*TASK BRIEF*:
Please give all of the data again, character for character, and drop the pictures.

*DATA*:
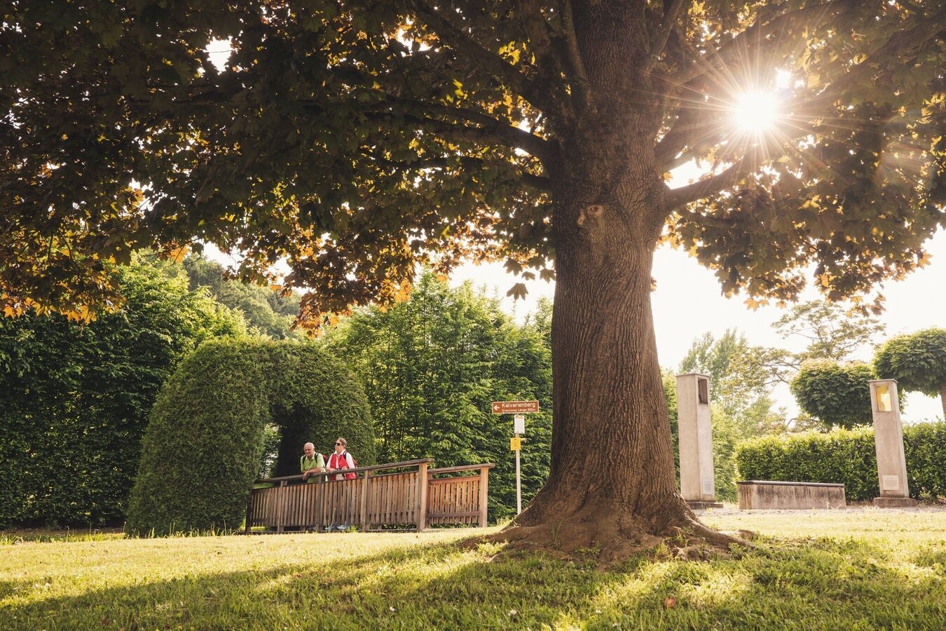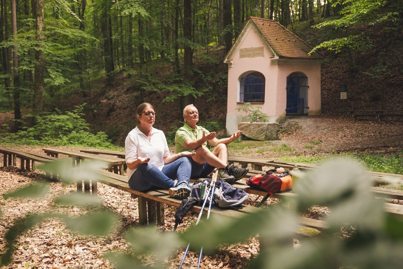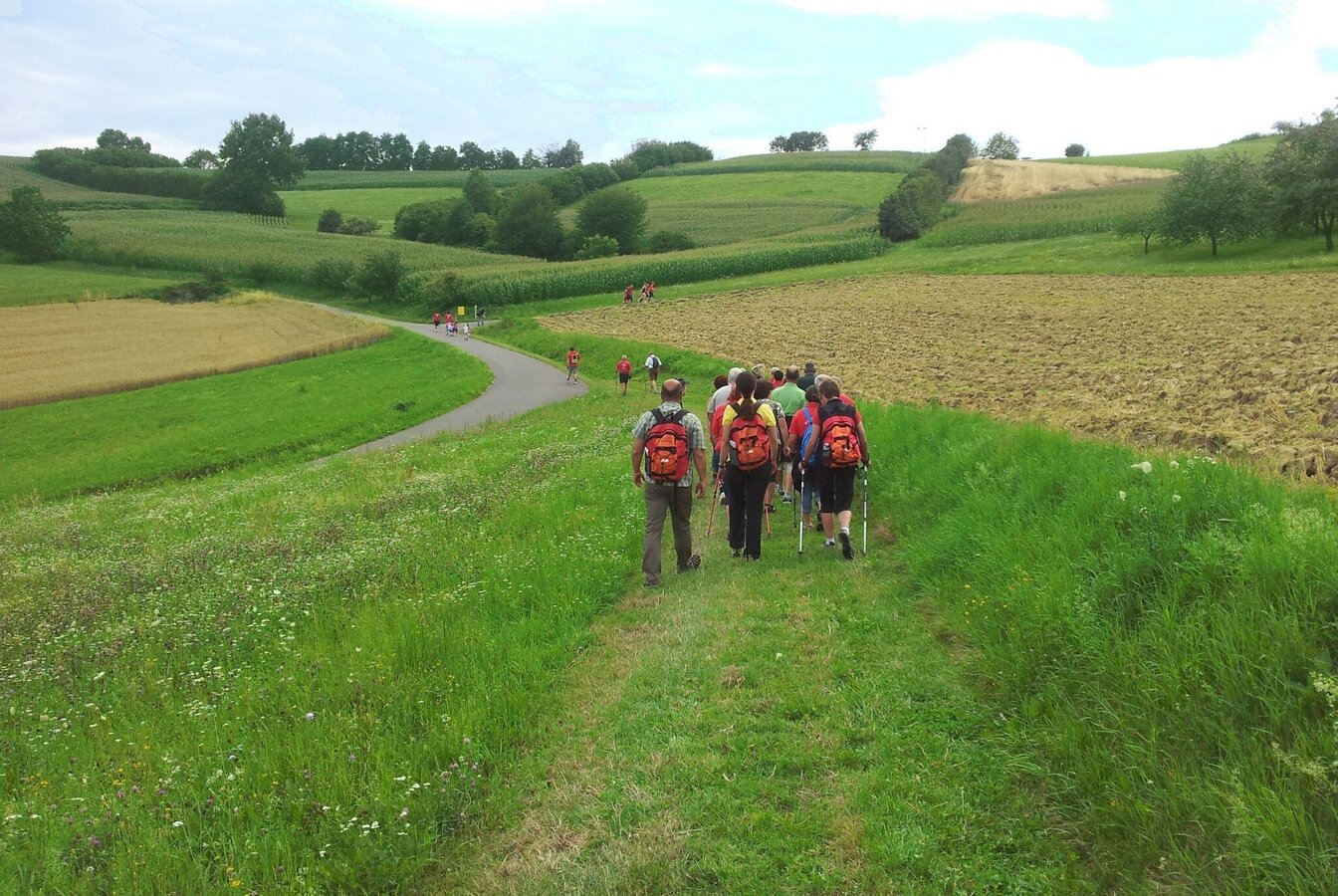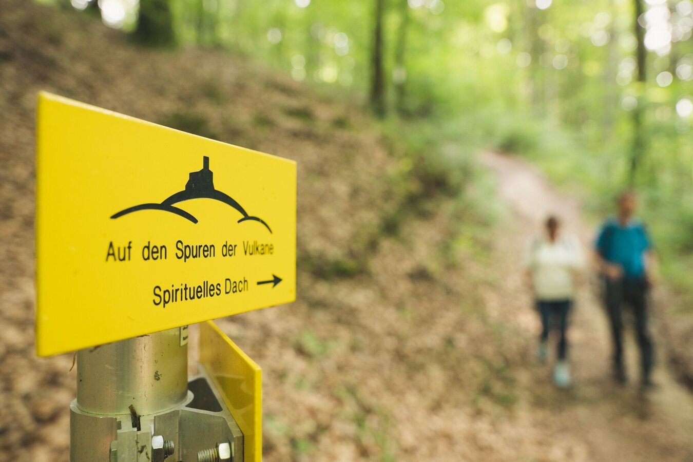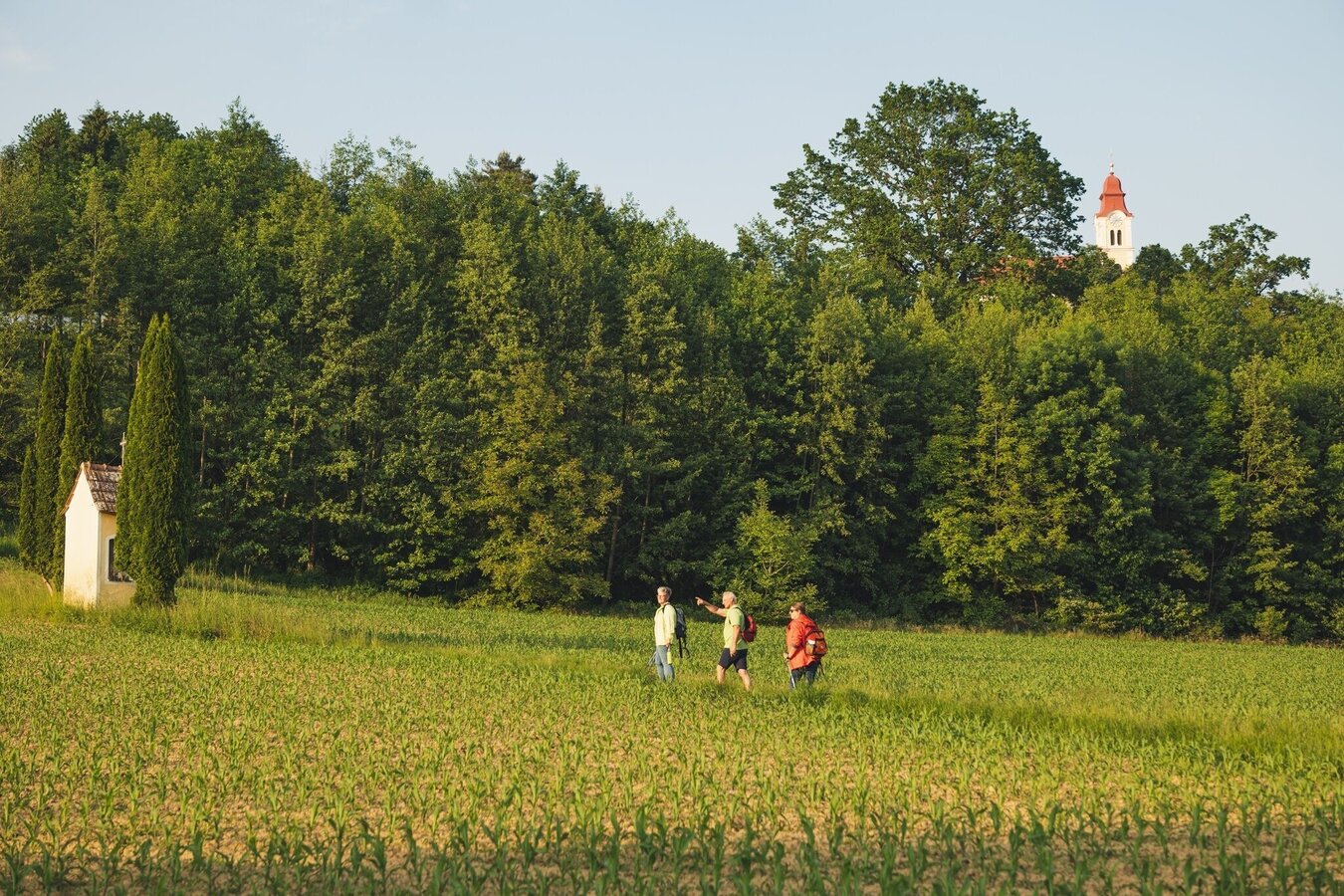 Long-distance hiking route. Spirituelles Dach from Kirchberg an der Raab to Unterlamm.Introduction - guidance for the thoughtful encounter with nature and humankind!The places of spiritual contemplation include 7 stops along the Spirituelles Dach on the Trails of the Volcanoes. These points of reflection are located in the municipalities of Kirchberg, Fladnitz, Eichkögl, Markt Hartmannsdorf, Breitenfeld, Hatzendorf and Unterlamm. Selected through reflecting spatial perception and the relationship of the places with each other, these places are characterized by their vitality and beautiful landscape. With its gently curved forms, the meadows, fields, forests as well as the churches and residential areas, the diversity of Vulkanland’s cultural landscape becomes visible. The places are inviting to take a rest. Through their atmosphere they facilitate a contemplative halt, deepening the emotional relationship between individuals and the landscape. Spiritual walking focuses entirely on the contemplative encounter with nature and allows us to have a more conscious and emotional experience. Meditative writings by Christian mystics support us in our awareness and, together with the respective places, promote a deeper understanding of the landscape as well as an intimate look into ourselves. The following text is intended as a guide and can be adapted according to personal preference.Arriving at a stop, we find ourselves a comfortable seat and let our gaze wander aimlessly into the landscape to enjoy its rhythms, shapes and colors. We want to feel the spirit of our surroundings and the invisible life and forces of the place - closing our eyes is helpful for this. We focus on our inner self and breath consciously, inhaling deeply into the center of our body and exhaling back into space, paying attention to our connection with the ground we sit on. The next step is to focus our mindfulness on the heart. With each heartbeat we strengthen the emotional bond with Earth and all its living beings. This way we can send an impulse (a color, a feeling, an intrinsic greeting) from the heart into the landscape and build a contemplative-spiritual feeling within us. If we want to increase our awareness for encounters with the landscape, we focus inwards and pay attention to physical, emotional, or mental reactions without evaluating them. We put our experiences down on paper or share them within the group. This way we collect more and more landscape experiences and become able to recognize the effect of different spatial qualities on ourselves. Through these conscious rituals we strengthen the heartfelt connection with our surroundings and deepen the personal spatial perception of the visible as well as the invisible qualities of the landscape. At the same time, we experience our own personality on a physical, emotional and spiritual level.For the Spiritual Roof an informational brochure is available (German only).
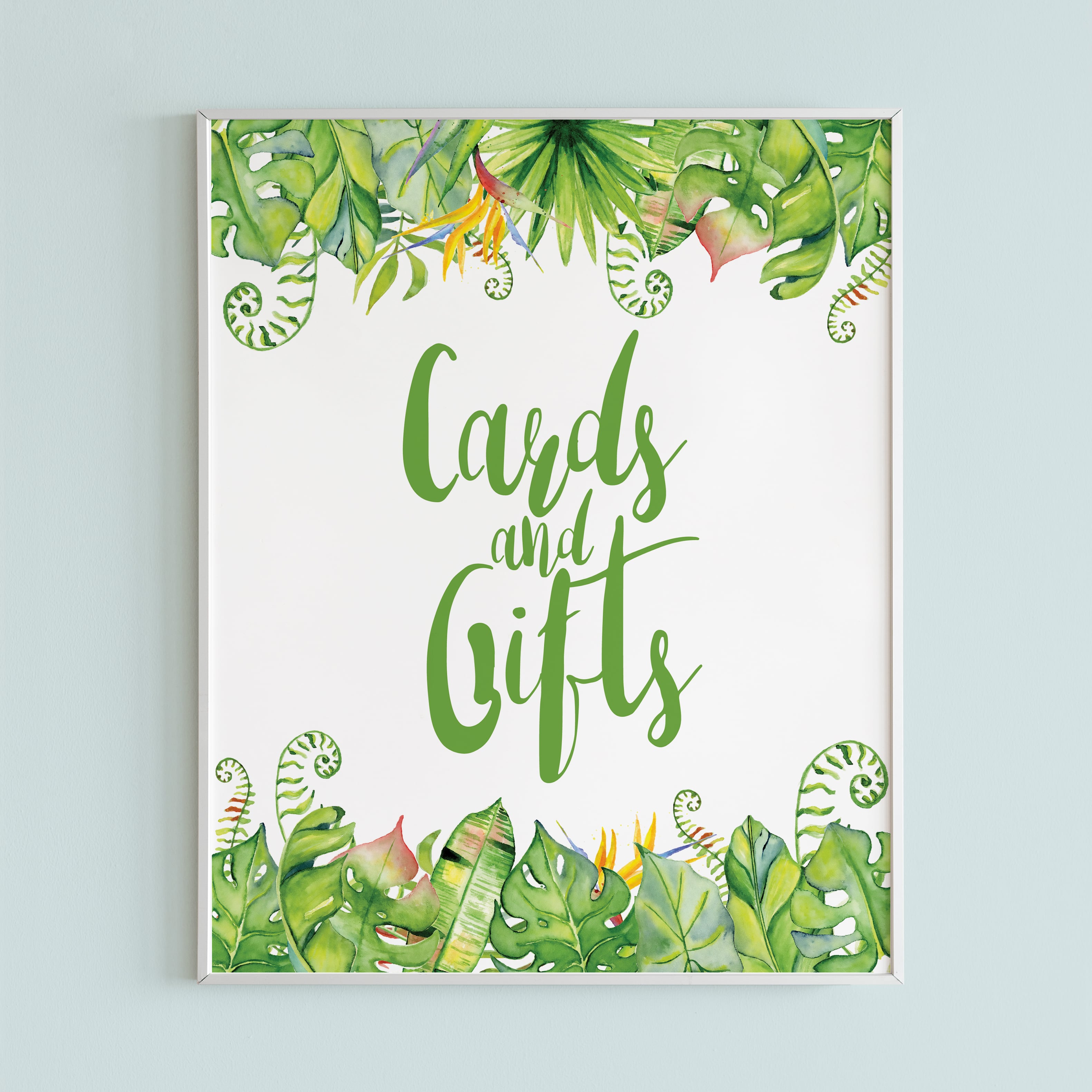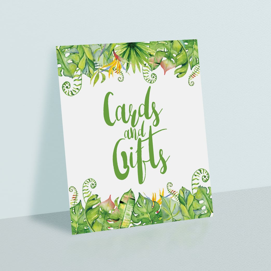 Are you hosting a summer themed party? Let your guests know where to leave their cards and gifts with this Luau Cards and Gifts sign. This tropical sign would look great on any event where there are gifts.
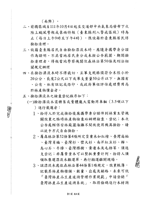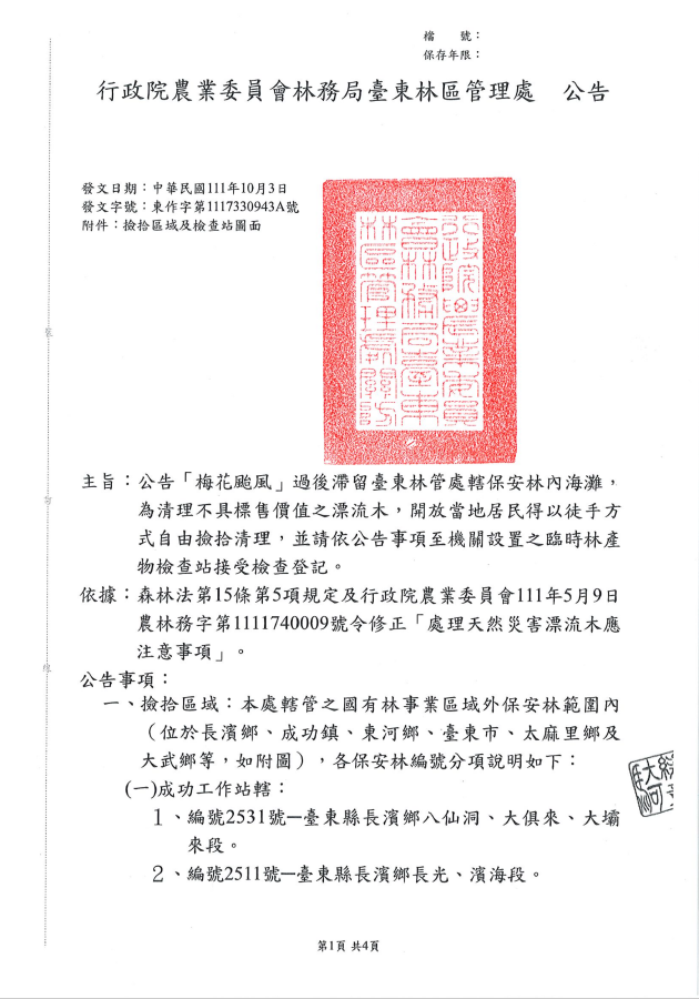 臺東林管處自10月4日起開放海岸地區保安林滯留漂流木自由撿拾
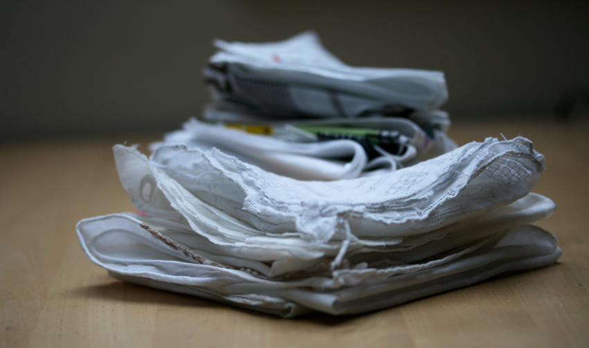I have a terrible cold. When one is sniffling and snuffling and generally feeling lousy, there’s nothing more comforting than a nice handkerchief, of which, it occurred to me this morning, I possess quite a few. So I took some photographs of the ones that aren’t in use or in the wash.
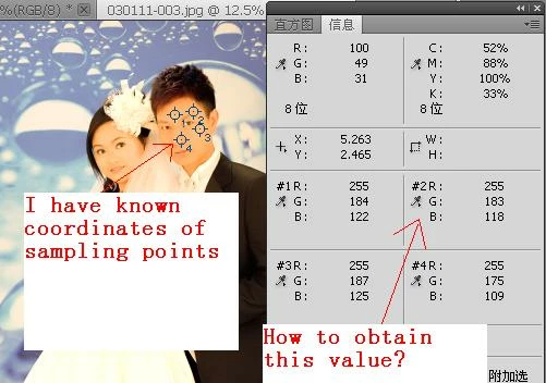 How to get the coordinates of one pixel of the sampling point RGB color?
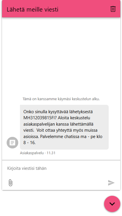 Jos haluat olla yhteydessä tiettyyn lähetykseen liittyen, kätevintä on avata etusivun lähetyslistauksesta yksittäisen lähetyksen tarkemmat tiedot. Sivun oikeassa alakulmassa on pinkki-kuvake, josta aukeaa chat.
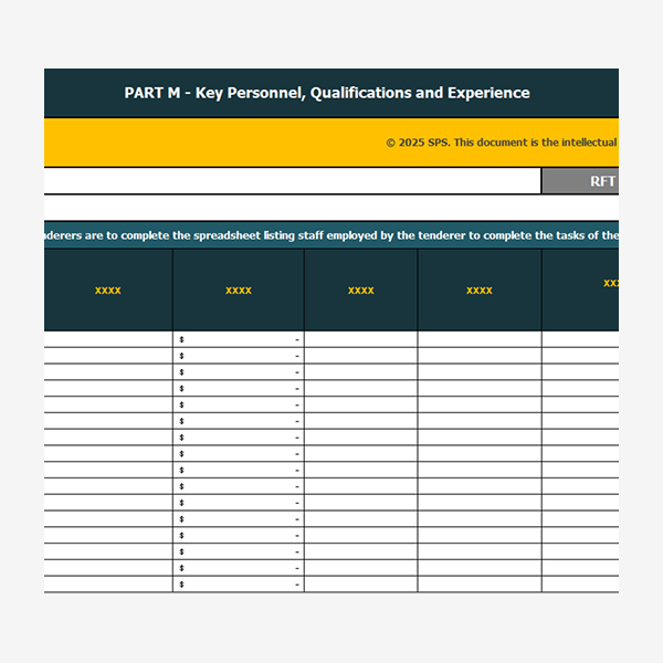 Document template, is a structured section within a tender response where proponents list the individuals assigned to deliver the project—detailing their roles, qualifications, experience, and availability—to demonstrate capability, alignment with project requirements, and resource readiness
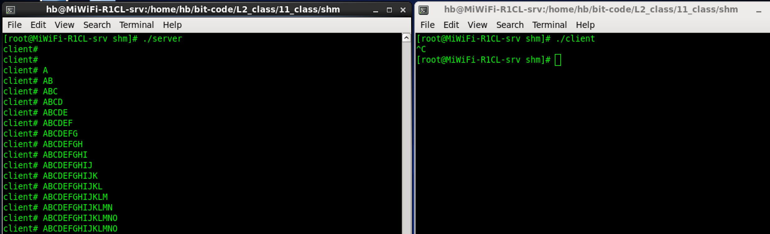 make先启动服务端:打开一个终端,执行./server,服务端创建并映射共享内存,开始循环读取:
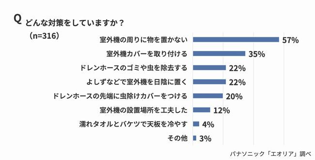 エアコンの室外機の節電対策について、「積極的に対策している」または「やや対策している」と答えた人に、具体的な対策内容を尋ねた質問(複数回答)では、「室外機の周りに物を置かない」(57%)がもっとも多く、「室外機カバーを取り付ける」(35%)、「ドレンホースのゴミや虫を除去する」「よしずなどで日陰に置く」(どちらも22%)がそれに続いた。
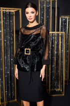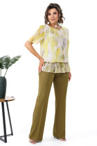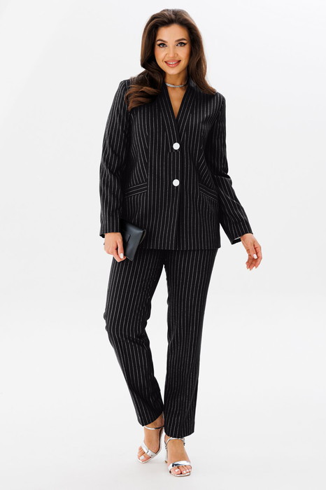 Костюм женский двухпредметный, состоящий из жакета и брюк. Жакет полуприлегающего силуэта с центральной бортовой застёжкой на две петли-пуговицы и подрезом фигурным от бокового шва, переходящим в нагрудную вытачку. В подрезе обработан карман с листочкой. Спинка со средним швом. Воротник фантазийной формы - в виде подреза, переходящего в стойку. Рукава втачные, двухшовные. Брюки с притачным поясом, по задним половинкам вставлена резинка. Застёжка на тесьму-молнию в среднем срезе и одну петлю-пуговицу по поясу. Брюки слегка зауженные к низу с наклонным карманом из бокового шва и заутюженными стрелками. Длина жакета по спинке - 67,5 см. Длина рукава - 61 см. Длина брюк по боковой части - 99 см.
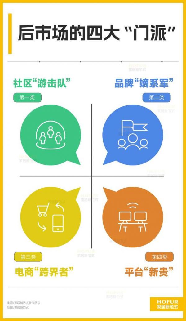 后市场的四大“门派”:平台模式重构竞争格局家居服务江湖中,不同类型的玩家带着各自基因跑马圈地,形成四类鲜明的“生存范式”。
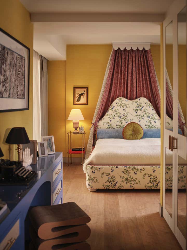 To create a functional yet high-style interior within a compact space, Marino blended bespoke furniture with her signature mix of vintage and antique pieces, maintaining aesthetic charm and a reduced carbon footprint. Marino s commitment to upcycling shines through as she repurposed unwanted items into unrecognizable treasures that align perfectly with the project’s vision. Custom-designed furniture, from the made-to-measure bed to the versatile bedroom desk/vanity/dresser and a dining table for four, ensures every piece serves its purpose while enhancing the apartment’s functionality and personality.

*EXERCISE OUTPUT*:
 Long-distance hiking route. Spirituelles Dach from Kirchberg an der Raab to Unterlamm.Introduction - guidance for the thoughtful encounter with nature and humankind!The places of spiritual contemplation include 7 stops along the Spirituelles Dach on the Trails of the Volcanoes. These points of reflection are located in the municipalities of Kirchberg, Fladnitz, Eichkögl, Markt Hartmannsdorf, Breitenfeld, Hatzendorf and Unterlamm. Selected through reflecting spatial perception and the relationship of the places with each other, these places are characterized by their vitality and beautiful landscape. With its gently curved forms, the meadows, fields, forests as well as the churches and residential areas, the diversity of Vulkanland’s cultural landscape becomes visible. The places are inviting to take a rest. Through their atmosphere they facilitate a contemplative halt, deepening the emotional relationship between individuals and the landscape. Spiritual walking focuses entirely on the contemplative encounter with nature and allows us to have a more conscious and emotional experience. Meditative writings by Christian mystics support us in our awareness and, together with the respective places, promote a deeper understanding of the landscape as well as an intimate look into ourselves. The following text is intended as a guide and can be adapted according to personal preference.Arriving at a stop, we find ourselves a comfortable seat and let our gaze wander aimlessly into the landscape to enjoy its rhythms, shapes and colors. We want to feel the spirit of our surroundings and the invisible life and forces of the place - closing our eyes is helpful for this. We focus on our inner self and breath consciously, inhaling deeply into the center of our body and exhaling back into space, paying attention to our connection with the ground we sit on. The next step is to focus our mindfulness on the heart. With each heartbeat we strengthen the emotional bond with Earth and all its living beings. This way we can send an impulse (a color, a feeling, an intrinsic greeting) from the heart into the landscape and build a contemplative-spiritual feeling within us. If we want to increase our awareness for encounters with the landscape, we focus inwards and pay attention to physical, emotional, or mental reactions without evaluating them. We put our experiences down on paper or share them within the group. This way we collect more and more landscape experiences and become able to recognize the effect of different spatial qualities on ourselves. Through these conscious rituals we strengthen the heartfelt connection with our surroundings and deepen the personal spatial perception of the visible as well as the invisible qualities of the landscape. At the same time, we experience our own personality on a physical, emotional and spiritual level.For the Spiritual Roof an informational brochure is available (German only).
 Are you hosting a summer themed party? Let your guests know where to leave their cards and gifts with this Luau Cards and Gifts sign. This tropical sign would look great on any event where there are gifts.
 臺東林管處自10月4日起開放海岸地區保安林滯留漂流木自由撿拾
I have a terrible cold. When one is sniffling and snuffling and generally feeling lousy, there’s nothing more comforting than a nice handkerchief, of which, it occurred to me this morning, I possess quite a few. So I took some photographs of the ones that aren’t in use or in the wash.
 How to get the coordinates of one pixel of the sampling point RGB color?
 Jos haluat olla yhteydessä tiettyyn lähetykseen liittyen, kätevintä on avata etusivun lähetyslistauksesta yksittäisen lähetyksen tarkemmat tiedot. Sivun oikeassa alakulmassa on pinkki-kuvake, josta aukeaa chat.
 Document template, is a structured section within a tender response where proponents list the individuals assigned to deliver the project—detailing their roles, qualifications, experience, and availability—to demonstrate capability, alignment with project requirements, and resource readiness
 make先启动服务端:打开一个终端,执行./server,服务端创建并映射共享内存,开始循环读取:
 エアコンの室外機の節電対策について、「積極的に対策している」または「やや対策している」と答えた人に、具体的な対策内容を尋ねた質問(複数回答)では、「室外機の周りに物を置かない」(57%)がもっとも多く、「室外機カバーを取り付ける」(35%)、「ドレンホースのゴミや虫を除去する」「よしずなどで日陰に置く」(どちらも22%)がそれに続いた。
 Костюм женский двухпредметный, состоящий из жакета и брюк. Жакет полуприлегающего силуэта с центральной бортовой застёжкой на две петли-пуговицы и подрезом фигурным от бокового шва, переходящим в нагрудную вытачку. В подрезе обработан карман с листочкой. Спинка со средним швом. Воротник фантазийной формы - в виде подреза, переходящего в стойку. Рукава втачные, двухшовные. Брюки с притачным поясом, по задним половинкам вставлена резинка. Застёжка на тесьму-молнию в среднем срезе и одну петлю-пуговицу по поясу. Брюки слегка зауженные к низу с наклонным карманом из бокового шва и заутюженными стрелками. Длина жакета по спинке - 67,5 см. Длина рукава - 61 см. Длина брюк по боковой части - 99 см.
 后市场的四大“门派”:平台模式重构竞争格局家居服务江湖中,不同类型的玩家带着各自基因跑马圈地,形成四类鲜明的“生存范式”。
 To create a functional yet high-style interior within a compact space, Marino blended bespoke furniture with her signature mix of vintage and antique pieces, maintaining aesthetic charm and a reduced carbon footprint. Marino s commitment to upcycling shines through as she repurposed unwanted items into unrecognizable treasures that align perfectly with the project’s vision. Custom-designed furniture, from the made-to-measure bed to the versatile bedroom desk/vanity/dresser and a dining table for four, ensures every piece serves its purpose while enhancing the apartment’s functionality and personality.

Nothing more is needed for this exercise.